Top of COLLECTED MATERIAL

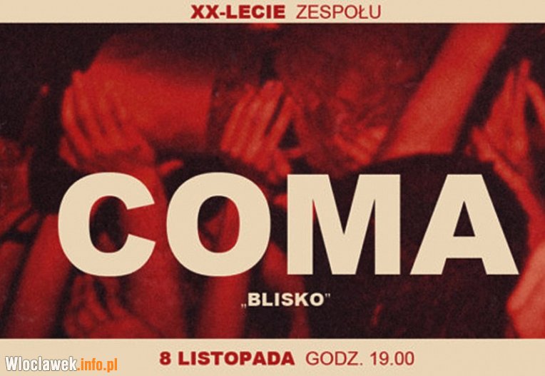 To pierwszy koncert COMY we Włocławku. Bilety: do 15.10.2018 po 50 zł parter i 60 zł trybuna, od 16.10.2018 do 8.11.2018 po 65 zł i 75 zł.
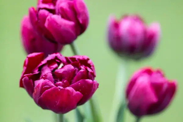 O lalei dublu uimitoare, strălucitoare roz, cu flori satinate, asemănătoare bujorului.
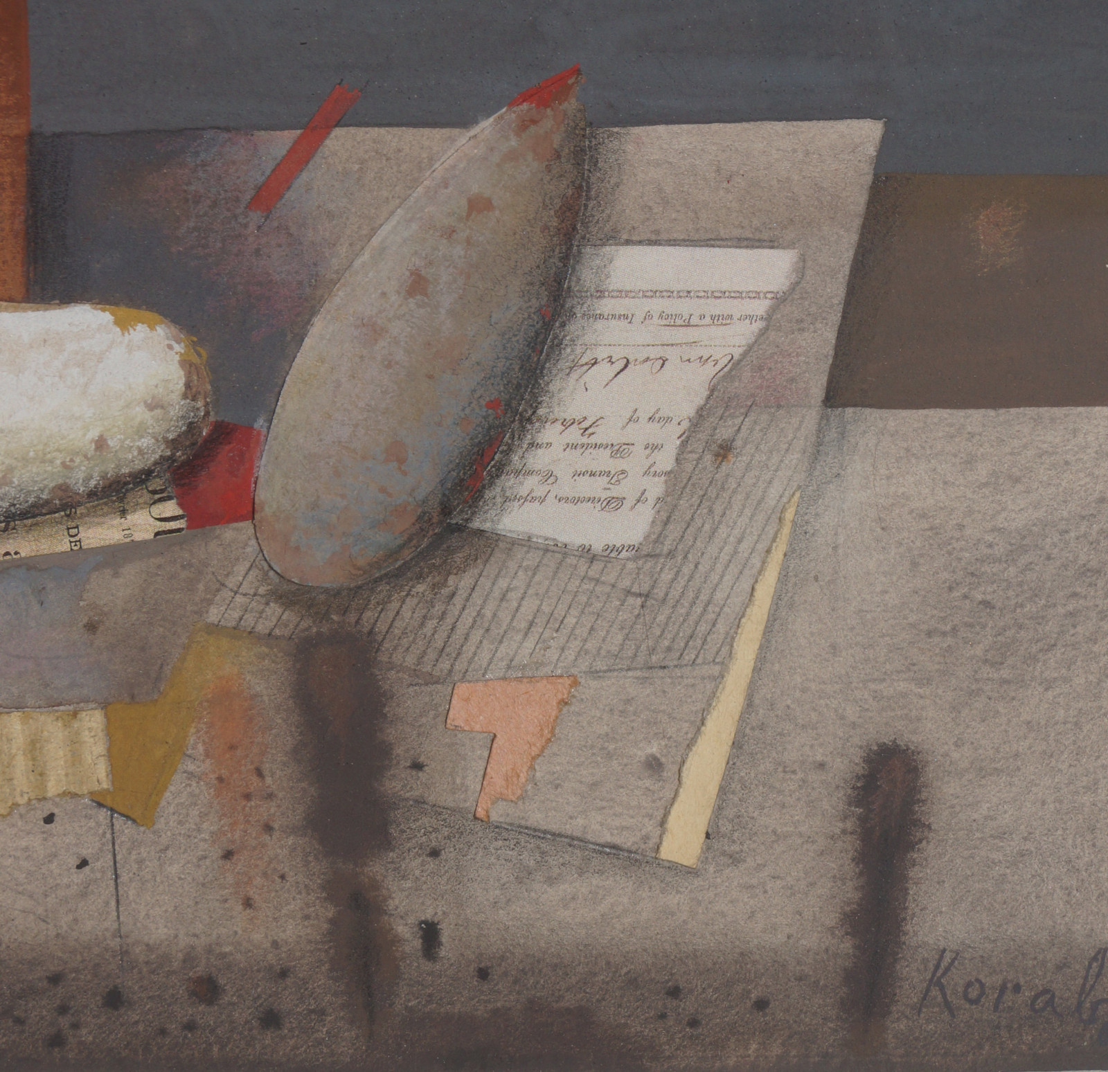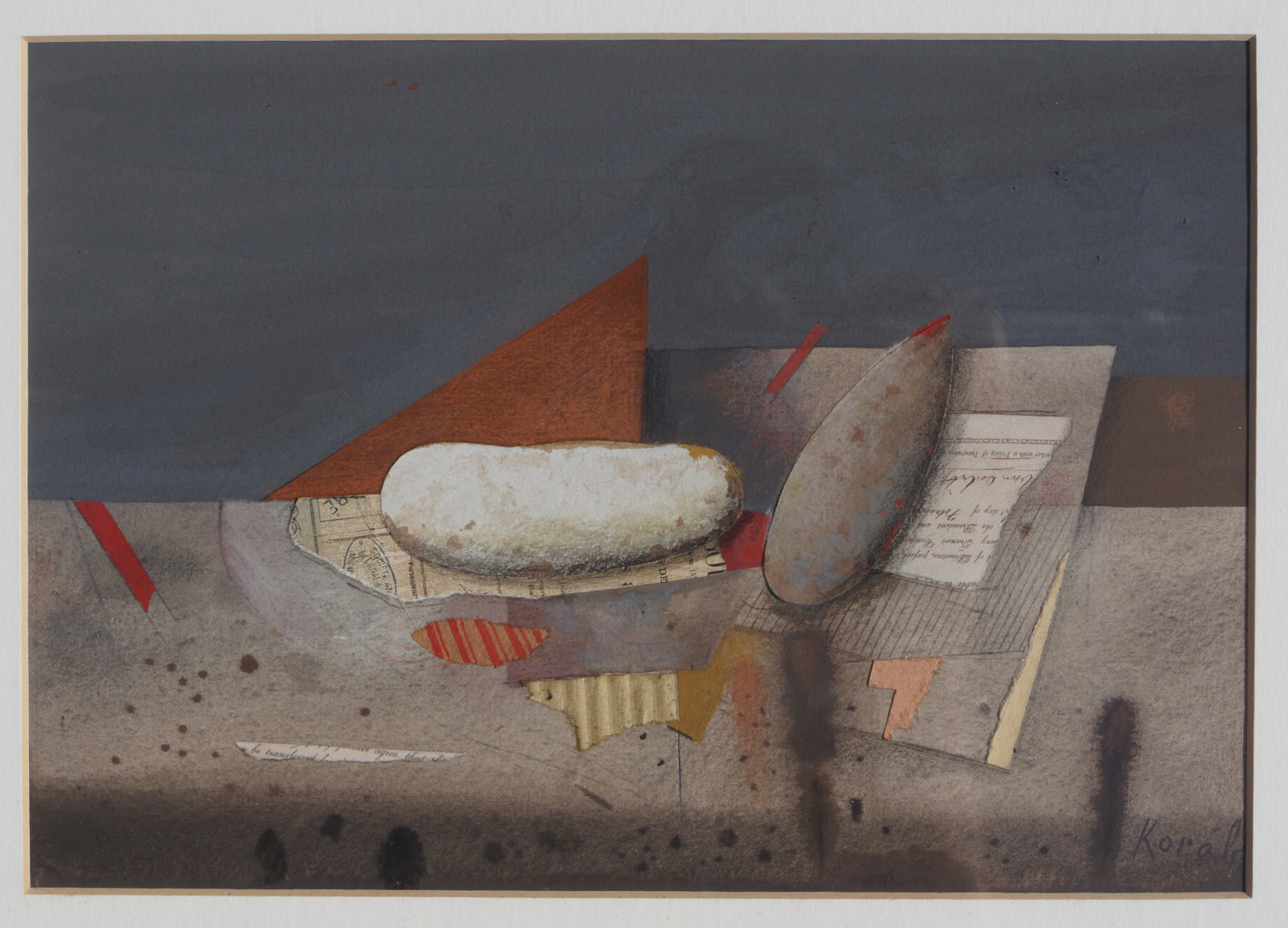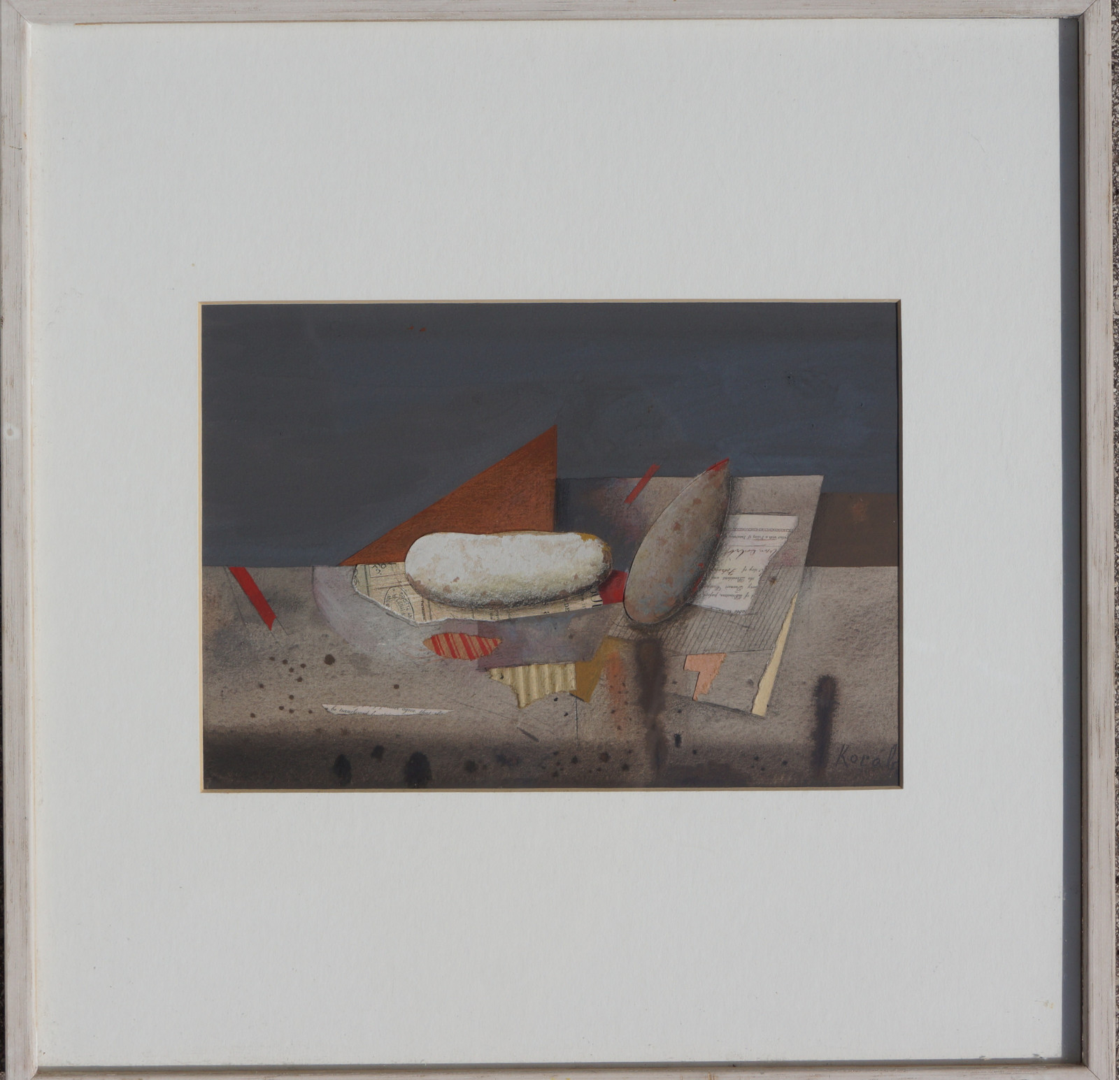 Karl Korab, Früchte, Gouache, Collage, 2002 Künstler: Karl Korab (*1937) Signatur: rechts unten Technik: Mischtechnik, Gouache, Collage Größe: 16,5x23 cm, mit Rahmen 36x36 cm Zustand: der Rahmen ist etwas bestoßen, sonst dem Alter entsprechend gut, siehe Fotos

Bottom of COLLECTED MATERIAL

> **TASK DIRECTIONS**
Only the listing above, set down exactly and without pictures, belongs in the answer.

> **RESPONSE TO THE TASK**
 To pierwszy koncert COMY we Włocławku. Bilety: do 15.10.2018 po 50 zł parter i 60 zł trybuna, od 16.10.2018 do 8.11.2018 po 65 zł i 75 zł.
 O lalei dublu uimitoare, strălucitoare roz, cu flori satinate, asemănătoare bujorului.
 Karl Korab, Früchte, Gouache, Collage, 2002 Künstler: Karl Korab (*1937) Signatur: rechts unten Technik: Mischtechnik, Gouache, Collage Größe: 16,5x23 cm, mit Rahmen 36x36 cm Zustand: der Rahmen ist etwas bestoßen, sonst dem Alter entsprechend gut, siehe Fotos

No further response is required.